Cronaca

Ospedale Maggiore, concluso con successo lo stage dei quattro medici cinesi

I medici del Sichuan Cancer Hospital sono rimasti a Novara per sei mesi

All’inizio dell’anno quattro medici del Sichuan Cancer Hospital, il più importante ospedale oncologico della Cina occidentale, che ha sede a Chendu, città con 14 milioni di abitanti, avevano iniziato uno stage formativo di sei mesi presso l’azienda ospedaliero-universitaria “Maggiore della Carità” di Novara.

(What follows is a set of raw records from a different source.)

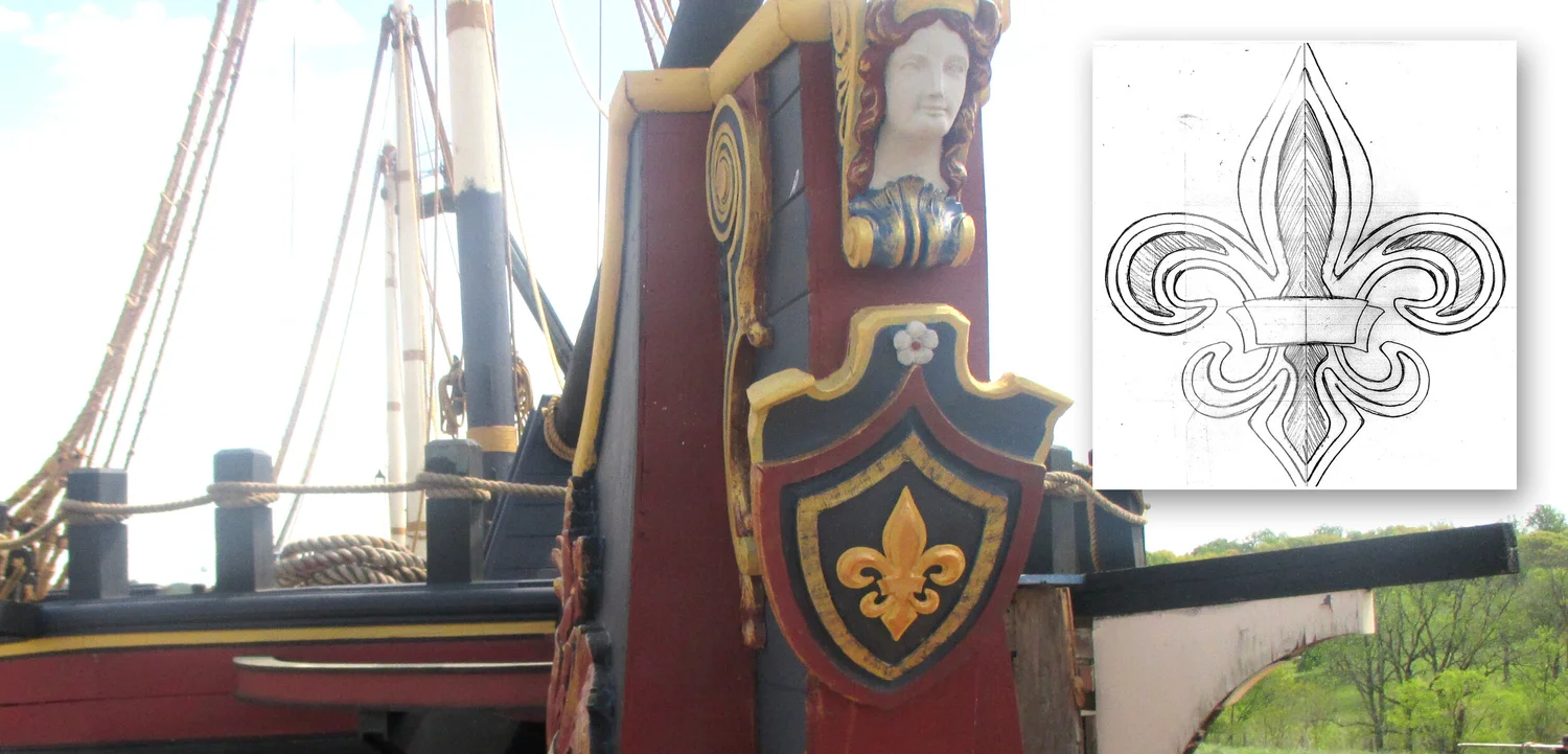 Fleur de Lis; hand drawn template, layers cut from foam core to create depth. Smoothed with painters mud and painted gold.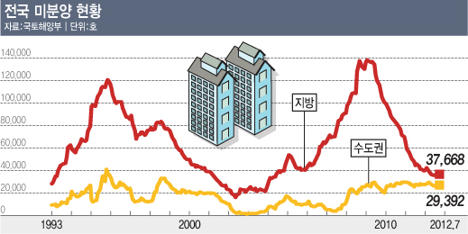 올들어 감소세를 보이던 수도권(서울 포함) 미분양아파트도 지난 7월 2400가구 이상 급증하면서 2만9392가구에 달했다. 거래도 큰 폭으로 줄어 올 7월까지 거래량이 전년동기대비 32.0% 급감했다. 지방의 경우에도 같은 기간 3만7668가구가 미분양으로 남아있는 상황에서 거래량도 전년동기대비 32.4% 줄었다.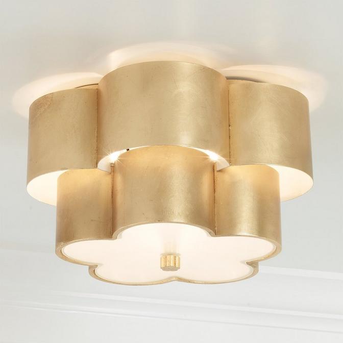 Daisy shaped shades arranged in a tiered pattern add a whimsical touch to your space while the beautiful metallic finish adds a modern flair to this charming ceiling light.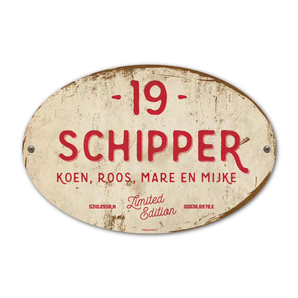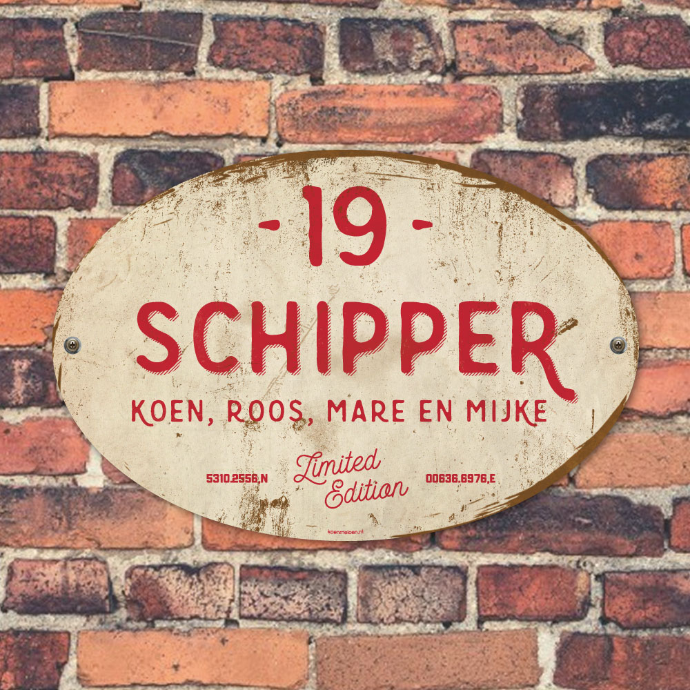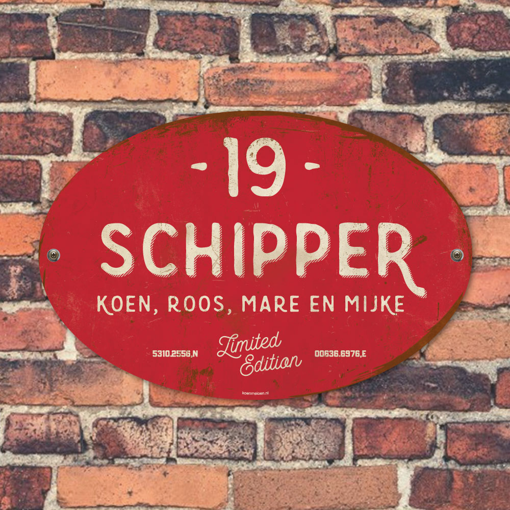 Mooi rood en wit “vintage” ovaal naambordje met jouw achternaam, voornamen, coördinaten en huisnummer. Geïnspireerd door oude borden. Stoer en origineel naambordje voor bij de voordeur van jouw huis. Maar natuurlijk ook leuk en origineel als cadeau voor iemand die net verhuisd is (housewarming), voor de (nieuwe) mancave.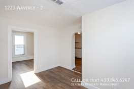 1223 Waverly Ave #2, Toledo, OH is a 2 bedroom, 1 bathroom apartment for rent. It is located in the Scott Park neighborhood of Toledo. It has apartment amenities including outdoor space, assigned parking, air conditioning, on-site laundry, and central heat. Cats and dogs are allowed, making it a pet-friendly apartment.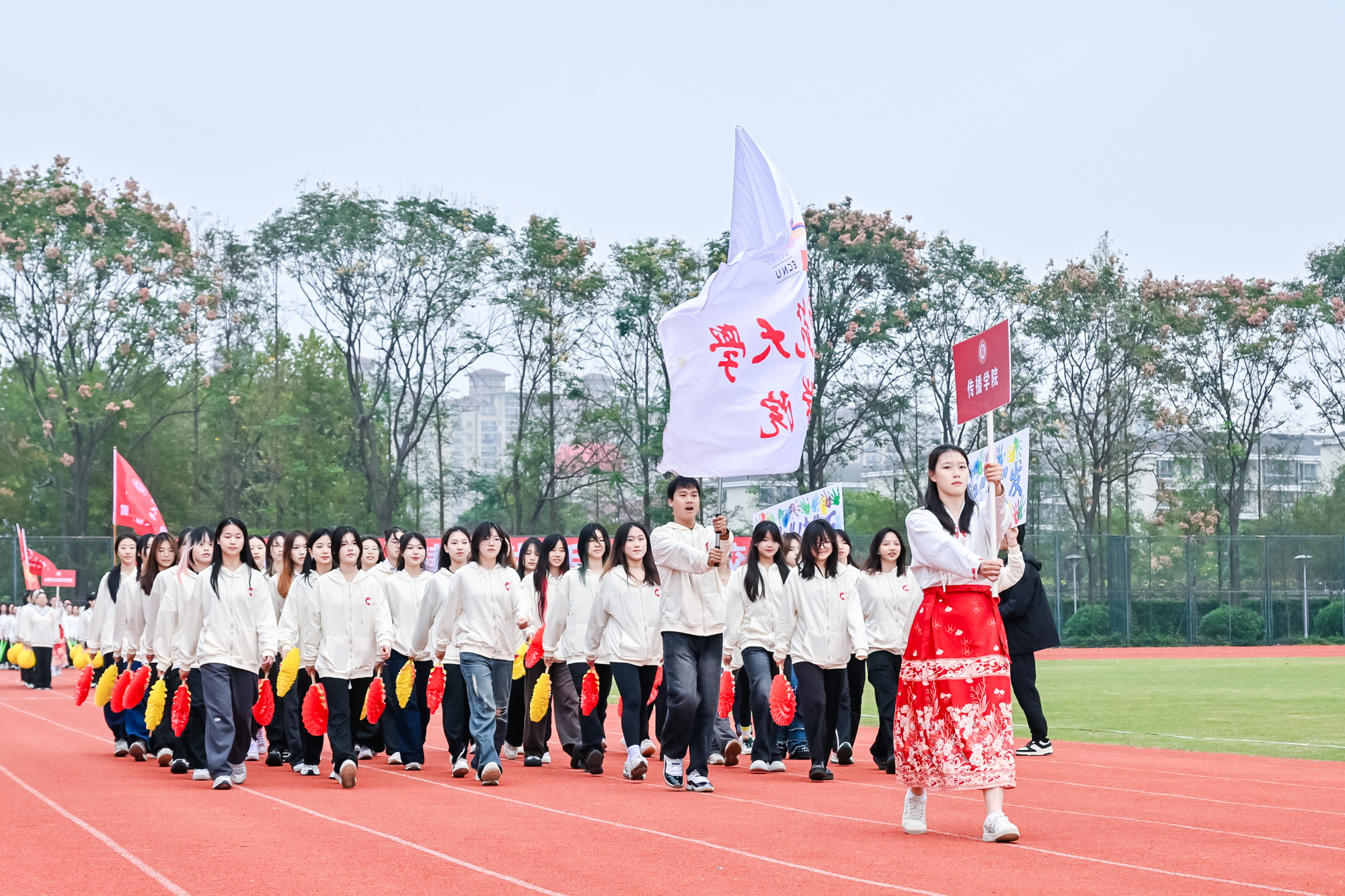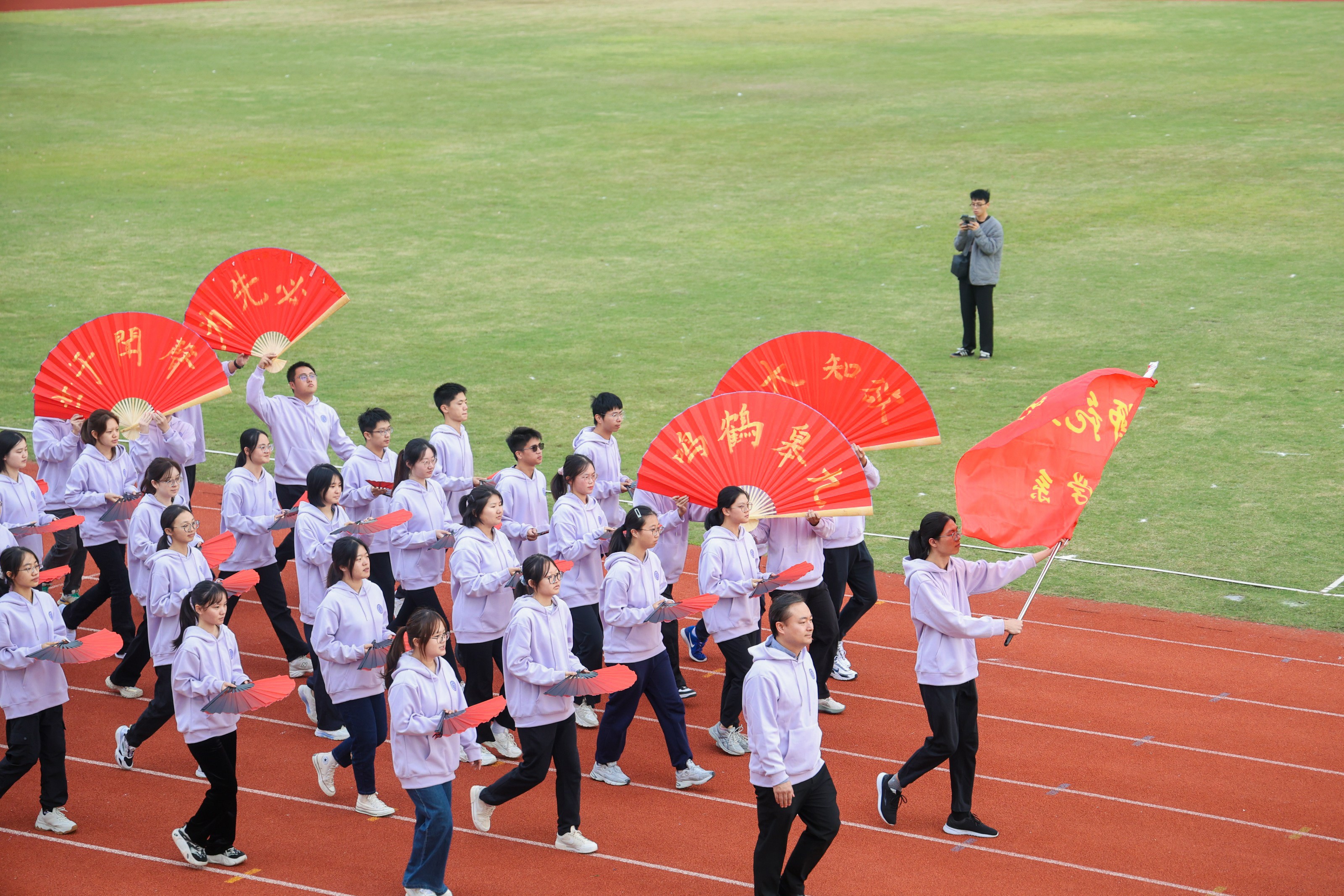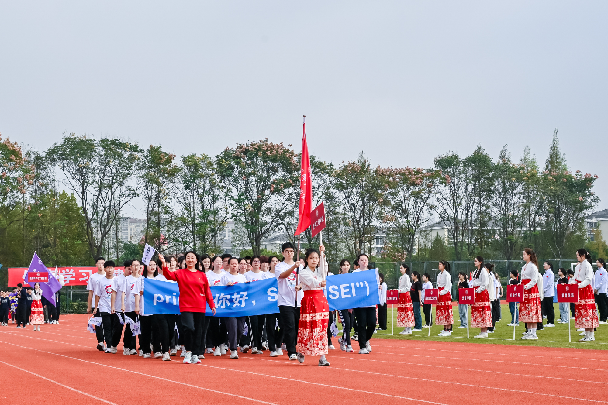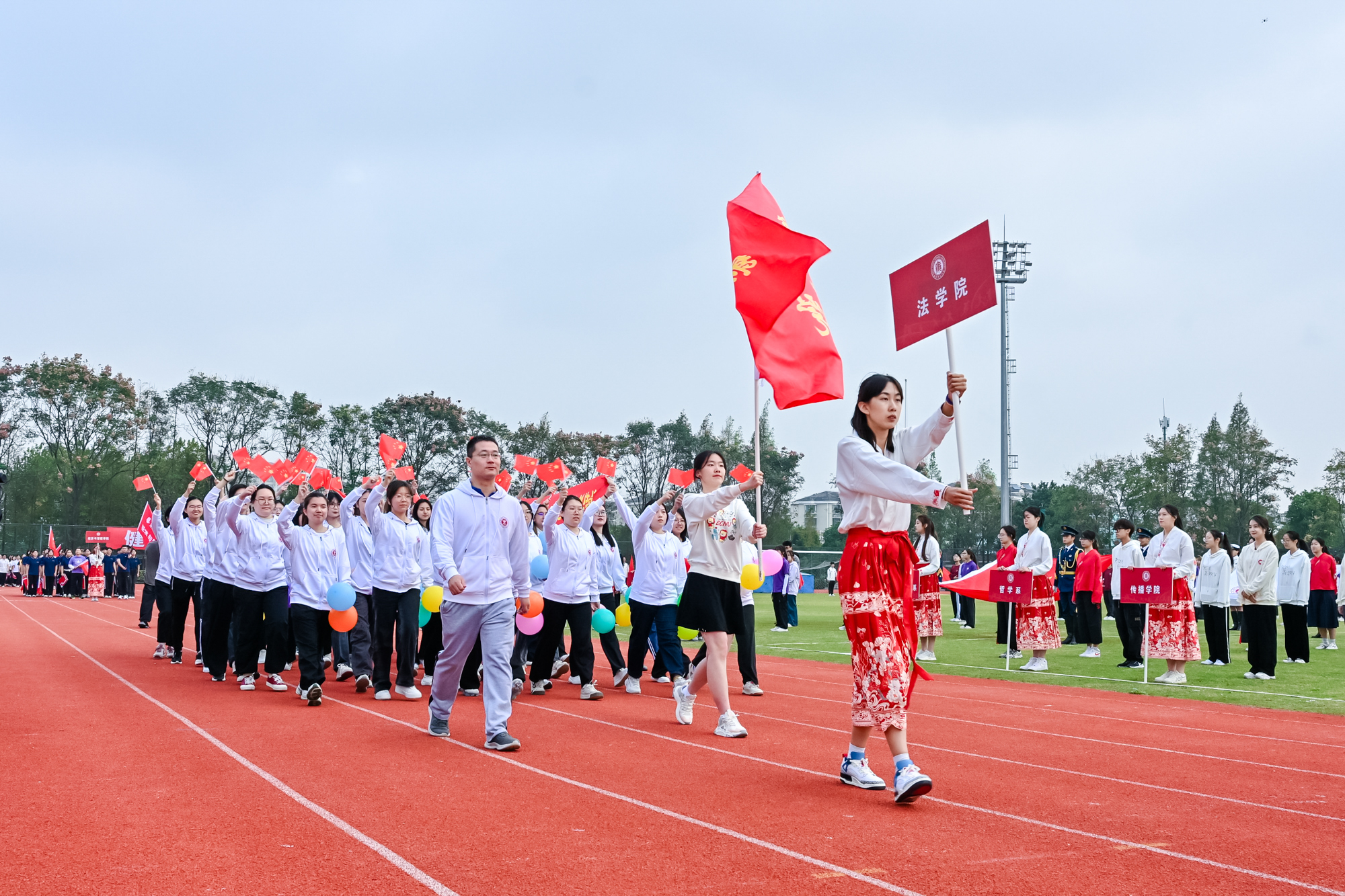 23日下午,2024年华东师大运动会闭幕式在闵行校区东田径场举行,副校长程静致闭幕辞并为获奖团队代表颁奖。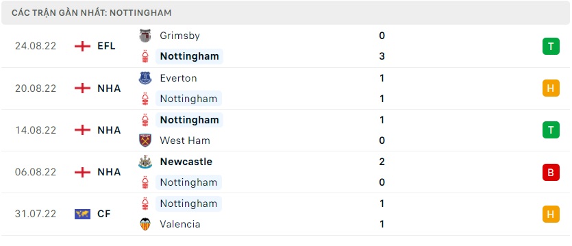 Phong độ gần đây Nottingham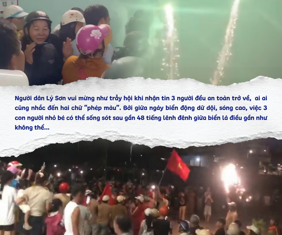 Khi tàu vừa cập bến, đưa ông Quang và ông Sanh - hai người được ví von là “người hùng không áo choàng” trở về an toàn trong vòng tay người thân, gia đình. Đêm qua, cả Lý Sơn như không ngủ. Trong tiếng sóng vỗ bờ, người dân kể cho nhau nghe về phép màu vừa diễn ra, về lòng quả cảm của hai người dân nghĩa hiệp và hành trình sinh tồn phi thường của ba con người nhỏ bé giữa đại dương bao la.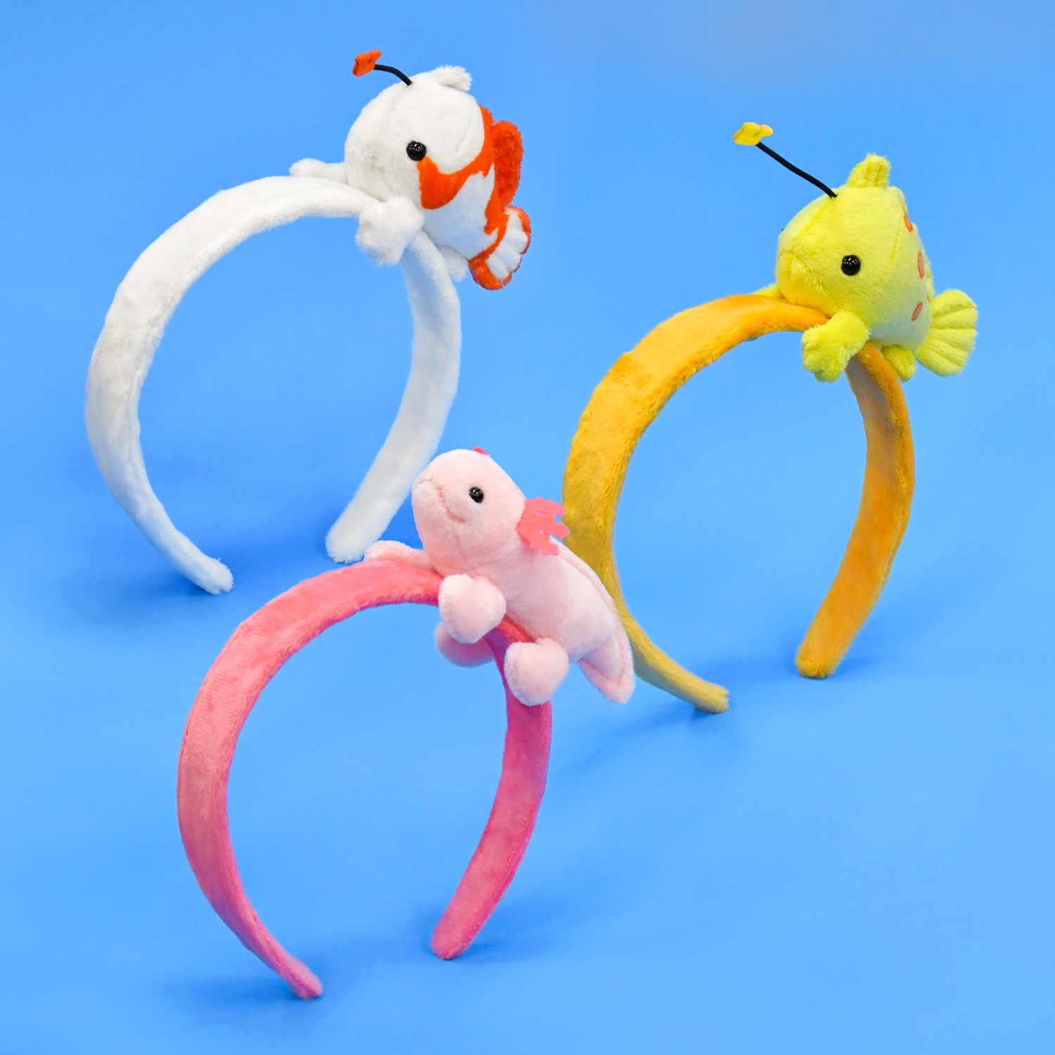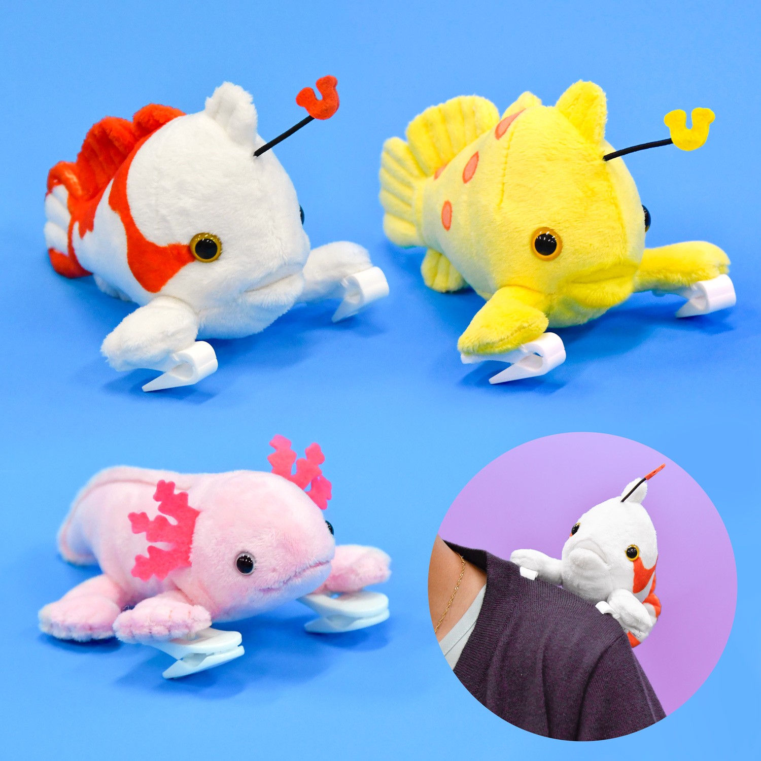 カエルアンコウやウーパールーパーをモチーフにしたカチューシャや肩乗りぬいぐるみなど、身に着けて楽しめるグッズを販売します。

"Il tempo vola - hanno detto il dottor Ma Jieke, che ha lavorato nella Scdo Neurochirurgia, il dottor Yin Jun, impegnato nella Scdu Radioterapia Oncologica, il dottor Wu Yi, nella Scdu Urologia, e la dott.ssa He Jin, nella Scdu Ostetricia e ginecologia - Il nostro periodo di studio in Italia volge al termine. Quando, sei mesi fa, siamo arrivati dall'Ospedale Onco1ogico di Sichuan in Cina presso questa azienda ospedaliero-universitaria abbiamo da subito trovato un ambiente accogliente dal lato umano ed autorevole dal lato professionale sia da parte della direzione che dei primari e dei colleghi. L'esperienza da noi fatta in questo periodo ci ha permesso di conoscere nuove tecnologie e metodologie di cura. Abbiamo assistito al lavoro di equipe (GIC), metodo multidisciplinare. E' nostra intenzione portare presso il nostro ospedale di provenienza tutto quanto di nuovo qui abbiamo imparato e ci auguriamo che il periodo da noi qui trascorso sia l'inizio di una fattiva collaborazione tra i due ospedali attraverso scambio di professionisti, di metodologie cliniche, di conoscenza. Per questo motivo il direttore del nostro ospedale, dott. Lan Jinyi, avrà il piacere di ospitare in Cina alcuni colleghi di questa Aou. Il periodo trascorso in questa città è risultato piacevole oltre che formativo: oltre all' arricchimento professionale, abbiamo avuto modo di conoscere l'aspetto culturale, storico, ambientale dell'Italia. E abbiamo conosciuto il calore umano del popolo italiano".

É stato anche predisposto un protocollo d’intesa tra il Sichuan Cancer Hospital e l’azienda ospedaliero-universitaria “Maggiore della Carità” di Novara, un protocollo che riguarda un progetto di collaborazione di lungo respiro. Il protocollo prevede un impegno congiunto a scambi accademici internazionali e alla cooperazione nel campo della medicina, secondo i principi di onestà, affidabilità, vantaggio e reciprocità e condividendo le risorse per cooperare nell'ambito delle cure, della ricerca scientifica e della formazione del talento. Inoltre, i due ospedali collaboreranno a studi clinici in ambito medico e/o ad  altri progetti clinici e translazionali, incluso lo sviluppo di sperimentazioni cliniche  multicentriche internazionali.